DATASET RECORDS -
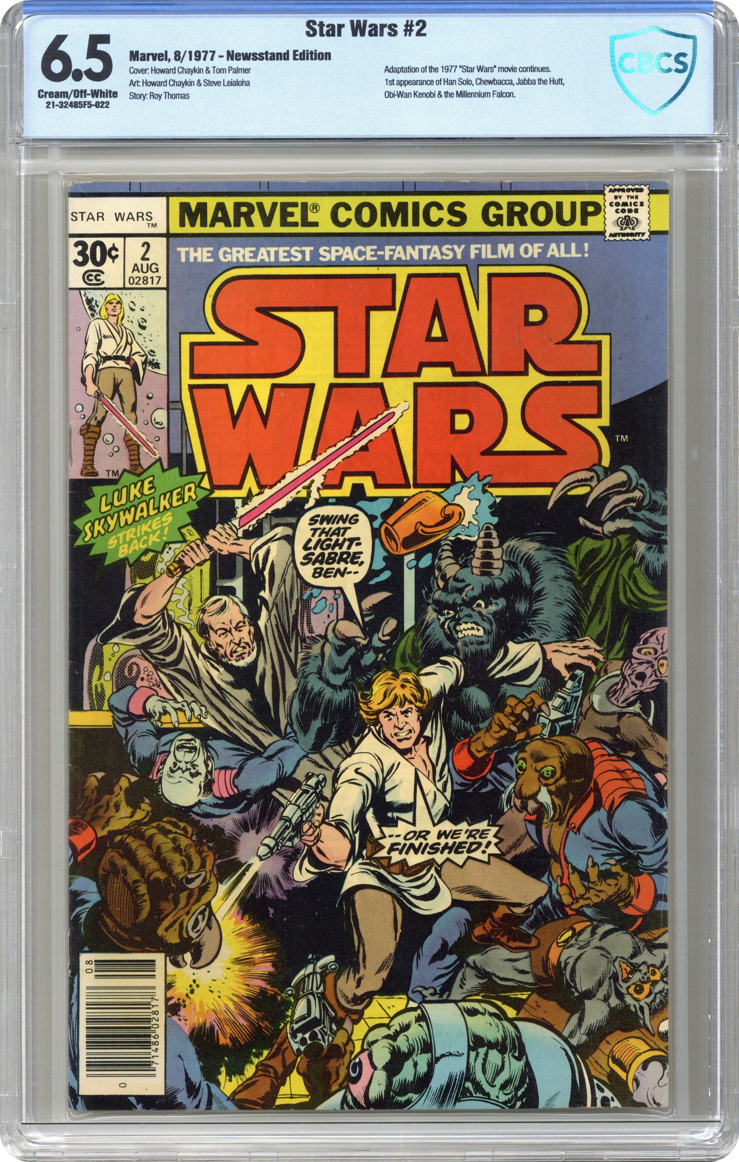 1st printing, standard 30 Cent Newsstand Edition with UPC. A New Hope: Part 2 of 6. "Six against the Galaxy!" Based on the screenplay by George Lucas. Adapted by Roy Thomas. Art by Howard Chaykin and Steve Leialoha. Princess Leia is in the hands of the evil Empire and the sinister Darth Vader. Now it falls on farm boy Luke Skywalker to seize his destiny and rescue her, and save the galaxy. But he can't do it alone. Luckily he'll get some help from old Ben Kenobi, once a great Jedi Knight known as Obi-Wan, Han Solo, a cocky ace pilot and all around scoundrel, Chewbacca, the hulking wookie and loyal co-pilot to Han, and the droids who hold the key to the Empire's defeat, C-3PO and R2-D2. NOTE: Spider-Man stas in a one-page Hostess ad, "Madam Web!" Cover price $0.30. Grade: CBCS 6.5 explanation of grade Condition: Used (collectible)
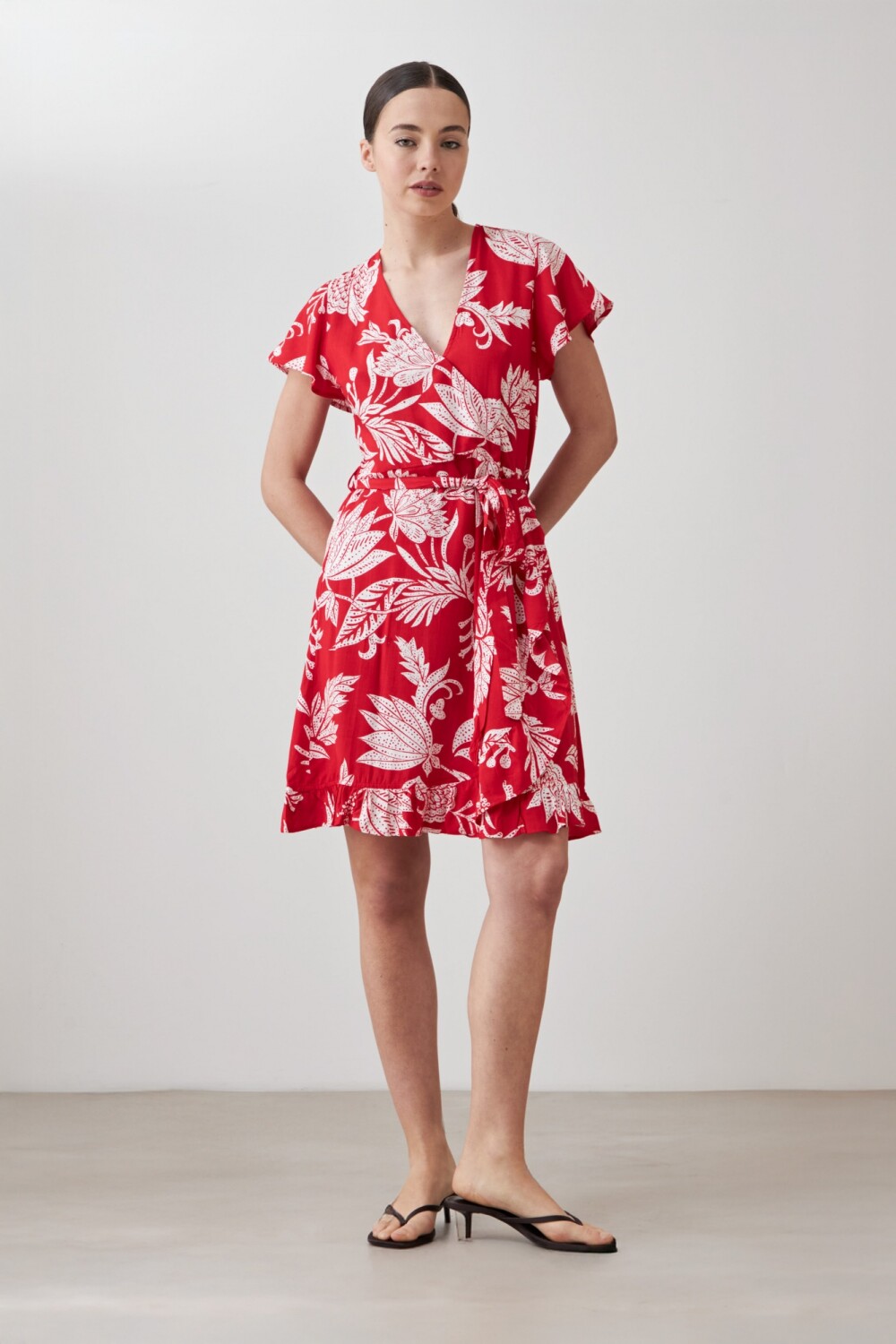 Vestido cruzado con estampa floral - rojo
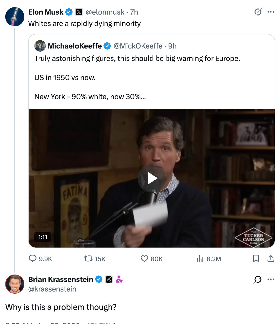Elon posted demographic data showing that white populations in large US cities are declining relative to minority groups. He followed it with a loaded conclusion:
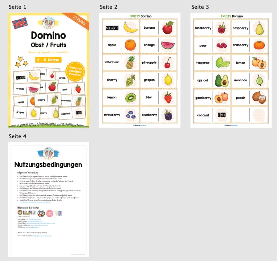 Je nach Niveau der Schüler, eignet sich das Domino zum Obst (Fruits) auf Englisch für die 2. bis 5. Klasse.
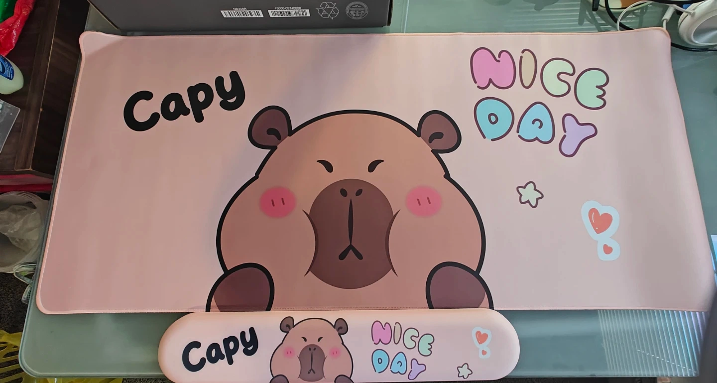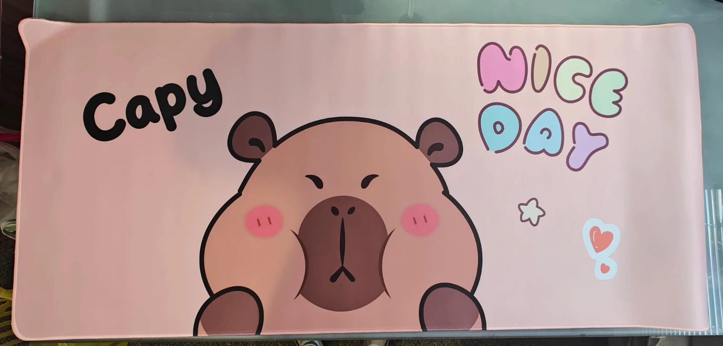 Selling a cute 'Capy' mousepad with a 'Nice Day' design! It comes with a matching wrist rest for extra comfort while you work or game. Perfect for adding a touch of fun to your desk setup.
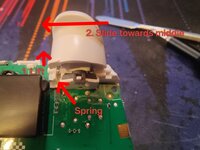 Remove the spring at this stage so you won't lose it. Using a tweezer may help if you have thicker fingers.
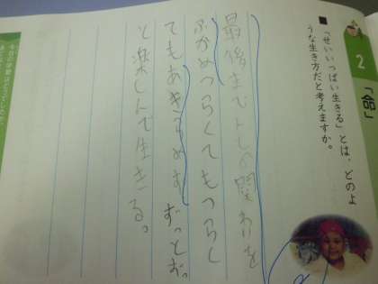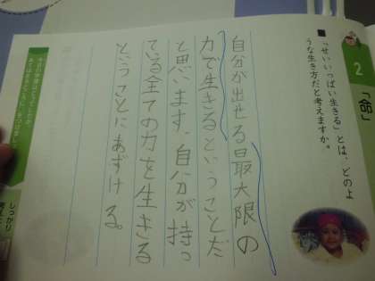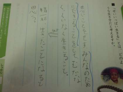 5年生は先週の道徳科に「命」という詩から“精一杯,生きることとは?”について考えました。
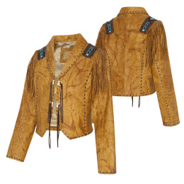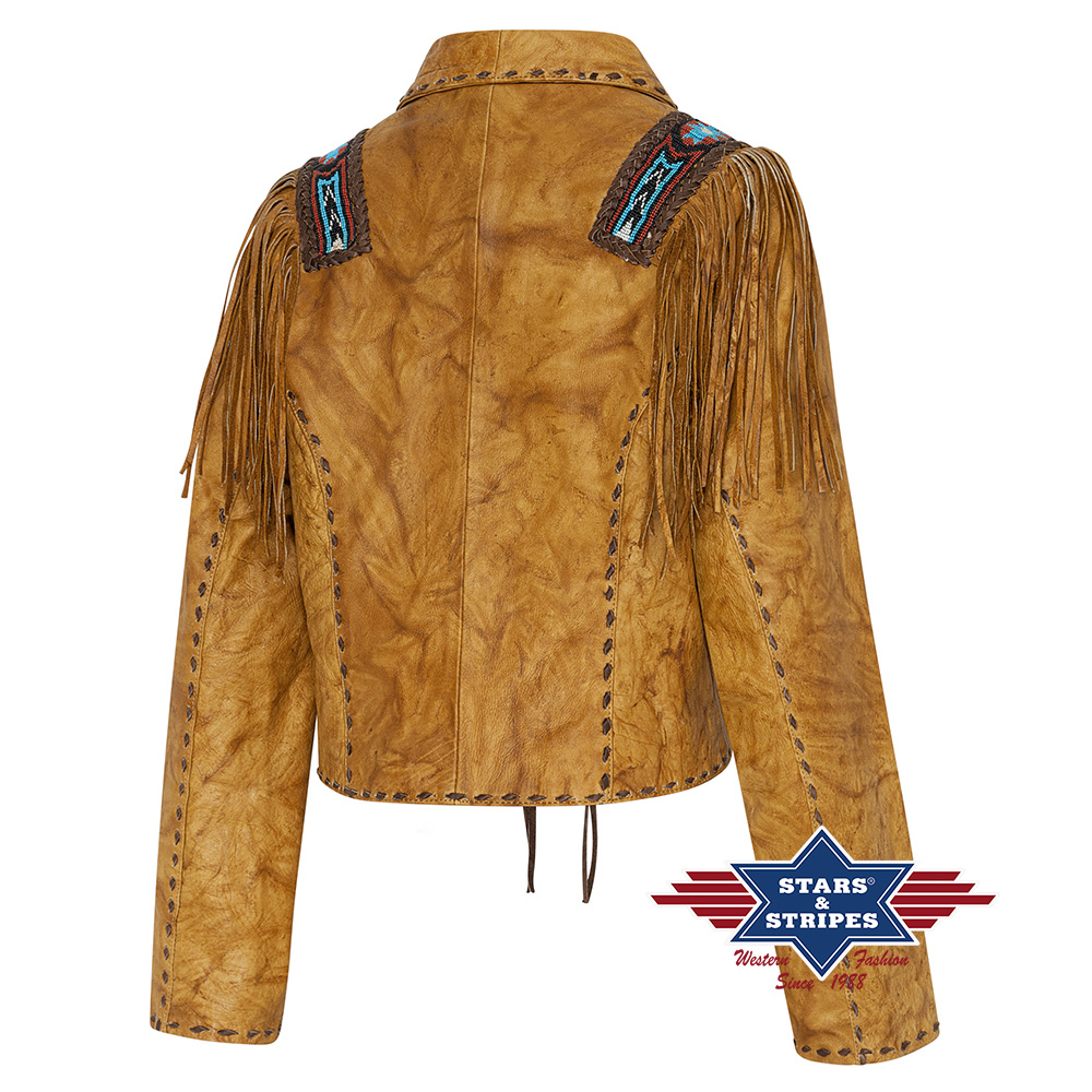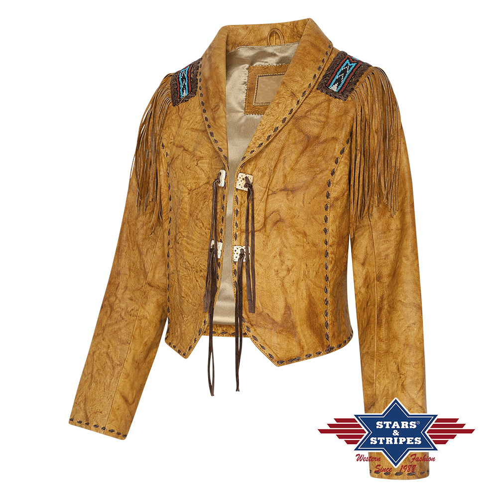 Stylová, velmi kvalitní, westernová/indiánská dámská bunda. Vyrobená z měkké hověziny velmi pohodlná a prodyšná. Zdobená třásněmi, indiánskými korálky, stylovým šněrováním a patinou.
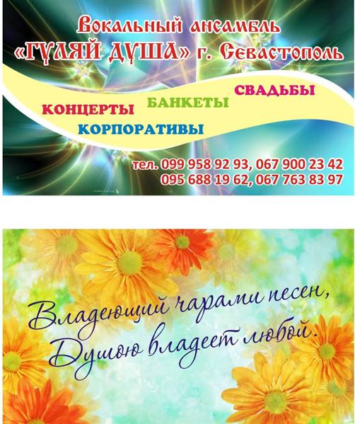 Вас приветствует профессиональный вокальный ансамбль «ГУЛЯЙ ДУША» г. Севастополь. Мы работаем по всей стране и за рубежом. Сотрудничество с нами – это выгодный и качественный праздник, юбилей, корпоратив, свадьба, концерты любого уровня, на любых площадках и удовлетворение самого изысканного клиента.

TASK INSTRUCTIONS -
Only the lines from the line with "Selling a cute" through the end of the entries above, copied exactly and with both ends included, belong in the response; the pictures do not.

SOLUTION TO THE EXERCISE -
 Selling a cute 'Capy' mousepad with a 'Nice Day' design! It comes with a matching wrist rest for extra comfort while you work or game. Perfect for adding a touch of fun to your desk setup.
 Remove the spring at this stage so you won't lose it. Using a tweezer may help if you have thicker fingers.
 5年生は先週の道徳科に「命」という詩から“精一杯,生きることとは?”について考えました。
 Stylová, velmi kvalitní, westernová/indiánská dámská bunda. Vyrobená z měkké hověziny velmi pohodlná a prodyšná. Zdobená třásněmi, indiánskými korálky, stylovým šněrováním a patinou.
 Вас приветствует профессиональный вокальный ансамбль «ГУЛЯЙ ДУША» г. Севастополь. Мы работаем по всей стране и за рубежом. Сотрудничество с нами – это выгодный и качественный праздник, юбилей, корпоратив, свадьба, концерты любого уровня, на любых площадках и удовлетворение самого изысканного клиента.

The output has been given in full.